The second part involves Chinma’s adjustment to America, his integration with Malich family, their growing awareness and moral conflict over the right role of Christians in treating the sick (behind the African blockade). Then Cole and his jeesh travel to Africa to combat the governments using the plague as cover for genocide. They encounter foes with the mysterious EMP device that’s a perfect counter to their “bones and noodles” that enhance their abilities. How suspicious…
For a while, both Cecily and Cole are in Nigeria, along with Chinma and her eldest son Mark. They’re hard at work, but the coughing sickness gets them all. While the soldiers are down with the plague, another poor African group, suspiciously armed with the EMPs, hits the base. There is death and tragedy…

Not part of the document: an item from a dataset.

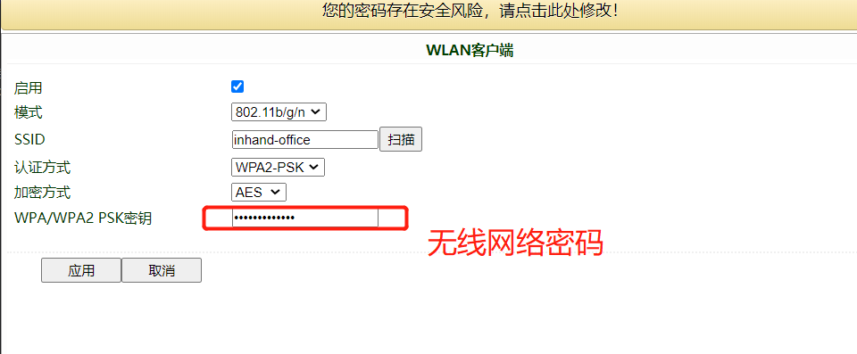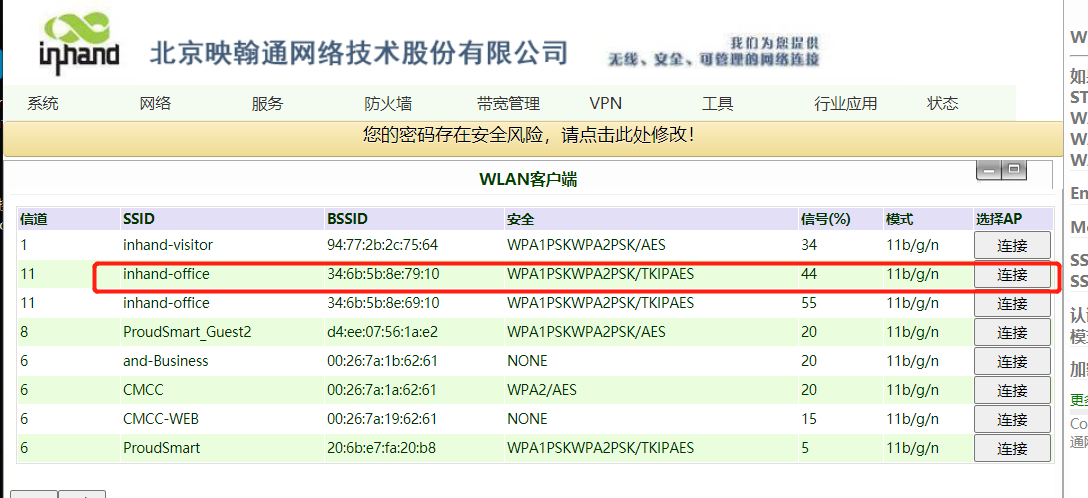 选择你需要连接的无线网络,这里以inhand-office为例,点击连接

From there, the book flows into its fourth and shortest block. Cole has to save the President from a deadly attack, the President admits to taking advantage of the events in the world, but not precipitating most of them. Cole adopts Chinma, Cecily returns to baking cookies, end, credits.
I liked the book for its unconventional focus. While the book begins with politics and coordination against Russia, and ends with an attempted political assassination, in between is filled with a mix of “special forces hooah!” and scenes wrestling with the demands of their faith.
There’s plenty to nitpick, but at a proper reading pace you’ll make it through before they start to concern you. Good enough!